Anisonyx lepidotus

Scientific classification
- Kingdom: Animalia
- Phylum: Arthropoda
- Clade: Pancrustacea
- Class: Insecta
- Order: Coleoptera
- Suborder: Polyphaga
- Infraorder: Scarabaeiformia
- Family: Scarabaeidae
- Genus: Anisonyx
- Species: A. lepidotus
- Binomial name: Anisonyx lepidotus Wiedemann, 1821

= Anisonyx lepidotus =

- Genus: Anisonyx
- Species: lepidotus
- Authority: Wiedemann, 1821

Species of beetle

Anisonyx lepidotus is a species of beetle of the family Scarabaeidae. It is found in South Africa (Western Cape).

== Description ==
Adults reach a length of about 8.5-9 mm.
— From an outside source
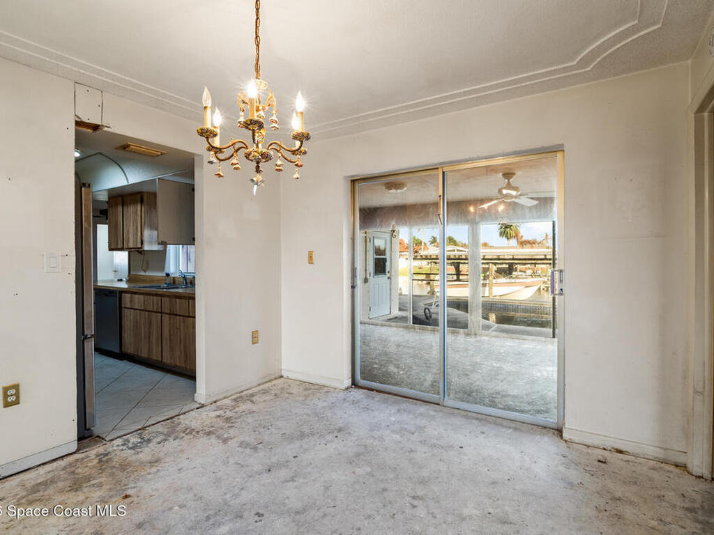 LOWEST PRICED Waterfront Pool home currently available with 2015 seawall/boat dock, 2019 roof and Boat in desirable Waterway Manor! Owners have stripped the floors ready for a renovation. Short boat ride right out to Sykes Creek and the Banana River and the Ocean! Prime neighborhood with Publix right at the entry. Property needs someone with a vision to make it their own but can't beat the neighborhood and waterfront!
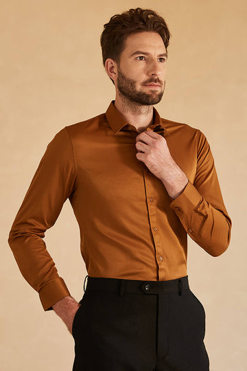 Long Sleeves Camel Solid Suit Shirt

They are black, with the elytra sometimes fulvous. The head and pronotum are very densely covered with black or fulvous hairs. The pronotum has three median lines of green scales, and on each side an elongate, broad band or patch. The elytra, which are densely clothed at the base with long hairs, are fuscous or fulvous. There are also a few scattered green scales, which are also found on the pygidium.

==Life history==
They have been recorded from Zantedeschia aethiopica.